A mourner brought a photo of friends. Within a year of the photo being taken everyone pictured died due to AIDS related complications [photo: Theodore Kerr]

Within their remarks, many of the speakers named people they knew in the Philadelphia area who lived and died with HIV, including ACT UP Philly member and prison activist John Bell (d. 2012); trans leader Jaci Adams (d. 2014); and founder of the Philadelphia Trans Wellness Conference, Charlene Arcila (d. 2015). These names were powerful to hear—reminders of mighty lives lived. But they also made the absence of names unuttered and unknown that much louder. What happens to a soul if it is given no place to rest? What happens to a community when mourning is left unfinished?

I had my own reasons for attending Gone and for Ever. In my work as an AIDS organizer, I write about Robert Rayford, who died with HIV in 1969. Every year—and for the last six years—I go to St. Louis, where Rayford lived. It was from there, in June, that I left to attend Gone and for Ever. The afternoon before my flight, I visited Washington Park Cemetery, near the city’s airport, where Rayford´s death certificate indicates he is buried.

Washington Park, once the largest cemetery for Black people in the area, was, in its early days, an example of the lawn park tradition wherein cemeteries were intended as places of middle- and upper-class respite. It is now plagued by decades of neglect and mismanagement. Tombstones are toppled, debris is tangled in overgrown vines. As the airport and MetroLink were built, whole areas of Washington Park were displaced. Many graves were disinterred and relocated within the cemetery, often with no proper records of whose remains went where. In the last 10 years, community members and families of the buried have been trying to create order amid this death and chaos. At the intersection of these forces, I can’t find Rayford’s grave.

Claire Fleury, Cube Dress, Orange Dress, Felt Dress, 2022, mixed materials [photo: Exum Fotografie; courtesy of the artist]

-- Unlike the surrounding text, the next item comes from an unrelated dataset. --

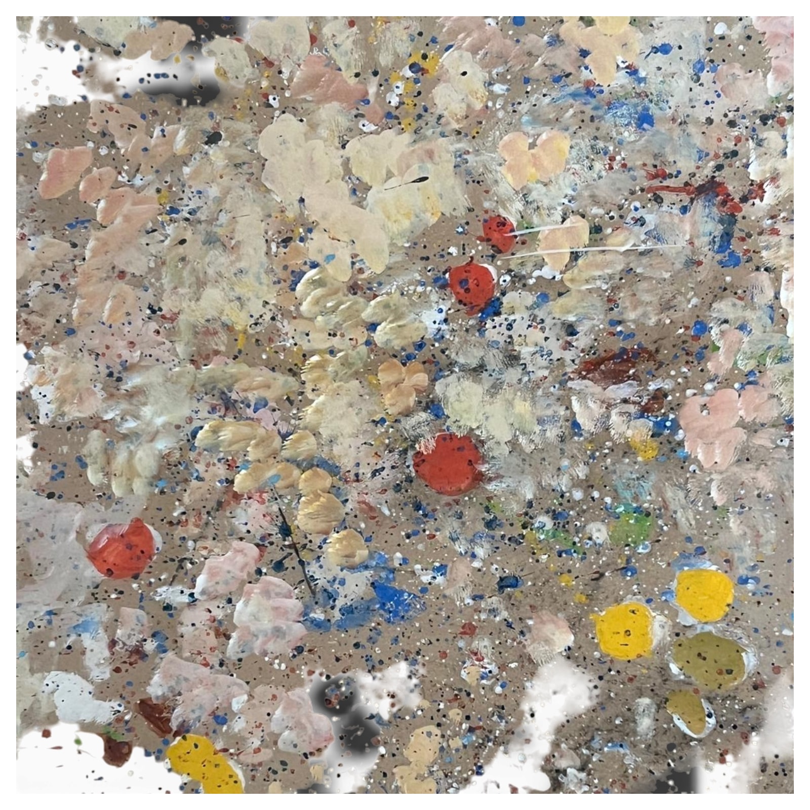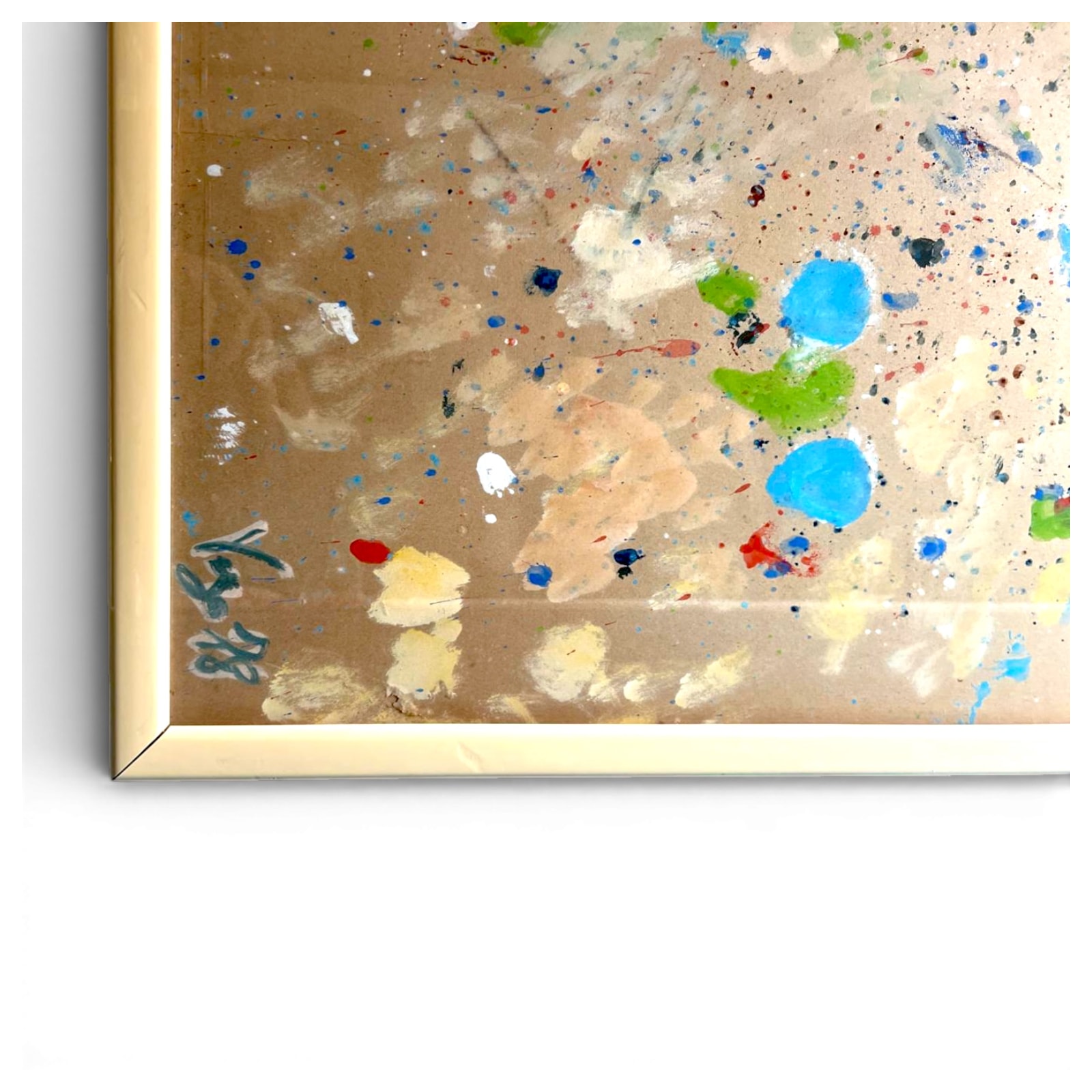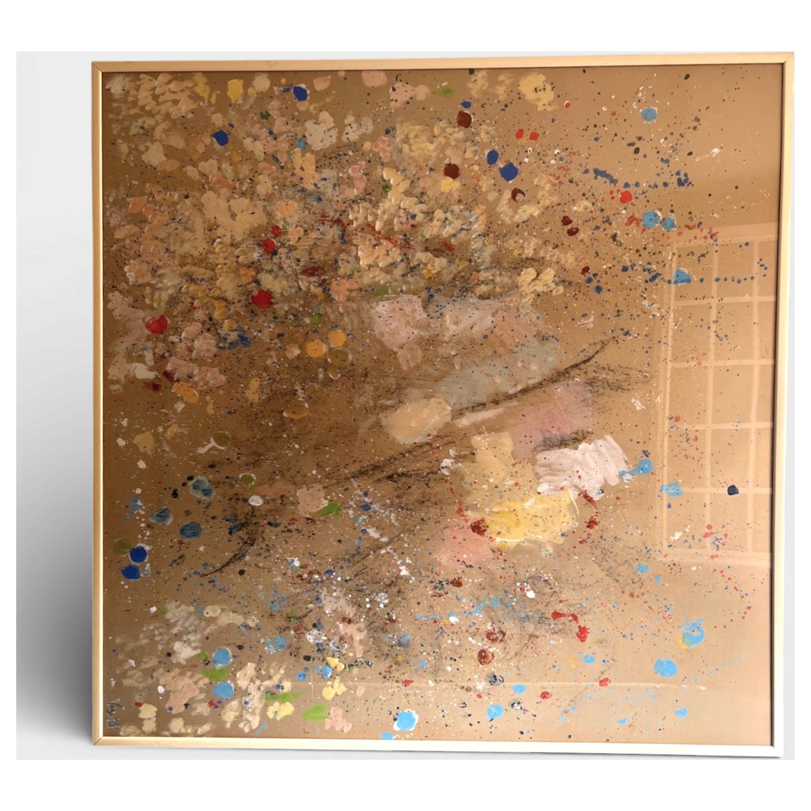 Opera informale che sfrutta la texture del cartone dorato come base luminosa, rendendo ogni stesura di colore sorprendentemente vibrante. La tecnica 'drip' evidenzia una gestualità rapida, mentre l’uso di blu e rossi puri contrasta con la raffinatezza delle velature beige e oro. Il cartone dorato, elemento atipico negli anni '80, conferisce un riflesso unico a seconda della luce ambiente.

Not until 1981 did people begin paying attention to a once-mysterious illness that would come to be known as HIV/AIDS. An attentive young professional, Dr. Michael Gottlieb, sounded the alarm when he noticed young men, mainly White and gay, were being stricken by illnesses that previously affected only cats and old Mediterranean men. From there, the rest, we can say, is history.

But what about the people who died before history, who, unlike Robert, remain unknown? Among the early deaths related to AIDS were people who injected drugs, who didn’t have proper housing, who lacked access to adequate health care. They were people whose deaths—unlike those of young White men in 1981—did not shock the system into action. Disrespected too often in life, must they also be forsaken in death?

Stadler says Gone and For Ever is dedicated to those lost and unclaimed casualties of the AIDS pandemic’s early years. In my mind, they include those souls whose remains were left unclaimed at hospitals and funeral homes, as well as people whose deaths have not yet been counted or mourned. Gone and For Ever is, to borrow Lamour-Harrington’s words, a small repair, an act of connection between the living and the dead, and an opportunity to honor those whose names we know and remember—and people whose names we may never know—who lived and died with HIV.


Theodore (ted) Kerr is a writer, organizer, and educator. He is the co-author of We Are Having This Conversation Now: The Times of AIDS Cultural Production (Duke, Fall 2022) with Alexandra Juhasz. He is the 2022 ISSUE Project Room Curatorial Fellow. He is a founding member of the collective, What Would an HIV Doula Do? He teaches at Manhattan College and The New School.